Although the fire may not have been preventable, a contingency and continuity plan would help West Fertilizer Company pick up the pieces and continue operations. West Fertilizer is not alone in their lack of business continuity and disaster recovery planning. A survey conducted by OpenSky Research in 2006 showed that almost half the businesses in America had no business continuity plan in place. Of the companies that did have plans, the survey reported that the greatest motivation was the reputation of the business and customer satisfaction, followed by compliance with regulations and past experiences with operational hiccups. Businesses reported that network operations, malware and data corruption were considered highly threatening along with natural disasters such as fires and blackouts. Businesses without a plan reported budgetary and resource constraints as primary factors (On Windows, 2006).

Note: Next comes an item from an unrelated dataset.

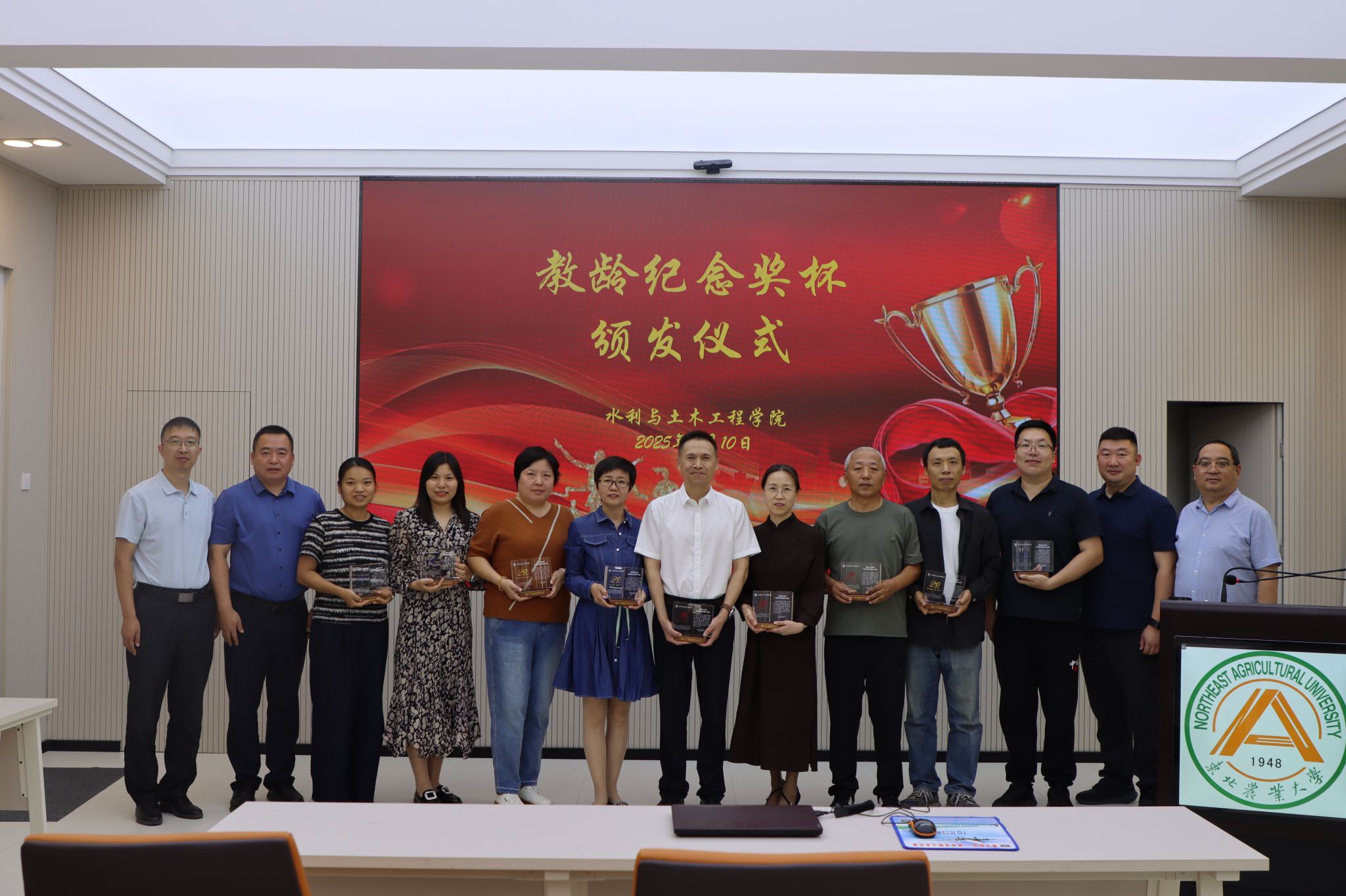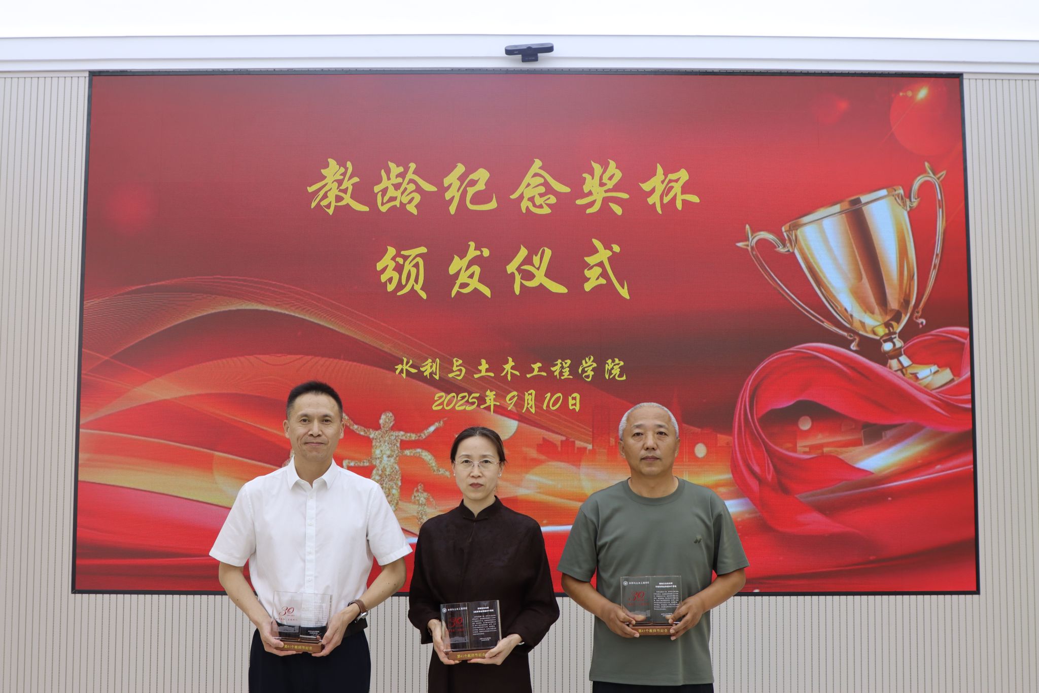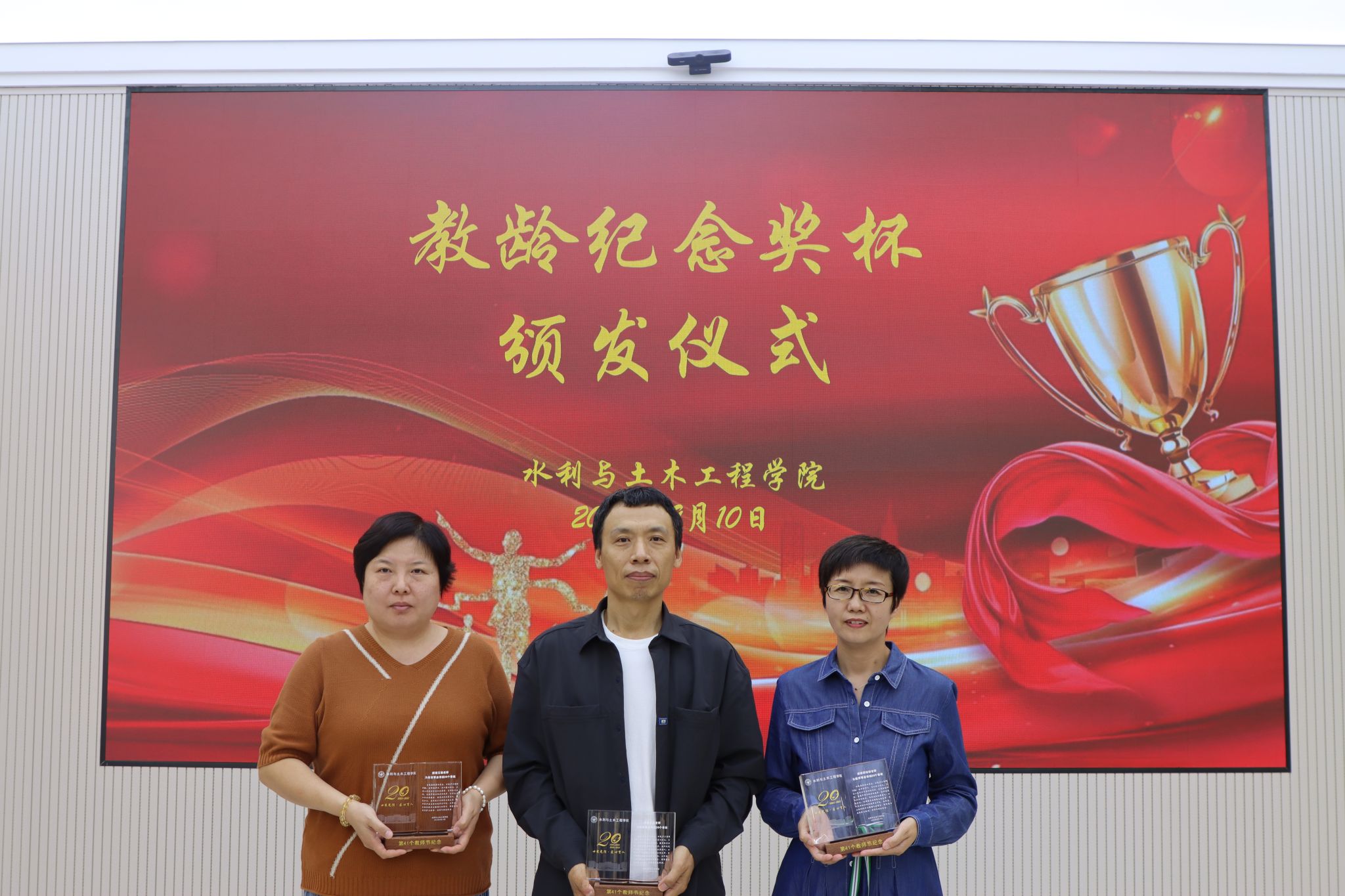 9月10日下午,学院在水利楼208会议室为从教满10年、20年和30年的教师举行教龄纪念奖杯颁发仪式。学院领导班子出席,并向各位教师颁发了精心定制的教龄纪念奖杯。

It is obvious businesses should be concerned with contingency and continuity planning as it is only a matter of when, not if, something happens that can shut the business down. Today more than ever, businesses are dependent on technology such as computers, networks, mobile devices and the Internet to run their businesses. Protecting these assets from cyber security threats and service disruptions is paramount to the bottom line and customer satisfaction. However, in order to convince management that business continuity planning is a worthwhile investment management must understand the return on their investment and design a plan that weighs the benefits of implementing cyber security, maintenance, and safety protocols against the costs of installing these protocols. The argument for a plan must help management see a Return on Investment (ROI) so that forecasted returns on money spent can be estimated. In calculating a ROI, the purchase of the proposed solutions, the cost of employee training, and the cost of paying the staff who will manage the solutions should be included. This calculation will account for the Total Cost of Ownership (TCO) for the investment. If costs are not projected accurately, management may reject the proposal or restrict the budget (UMUC, 2011).
This paper will cover the steps to identifying threats and risks to a business, creating and maintaining business contingency and continuity plans, options for recovery of data and business operations, and recommendations to put the plan into practice by conducting business continuity testing for a twenty-four month testing cycle.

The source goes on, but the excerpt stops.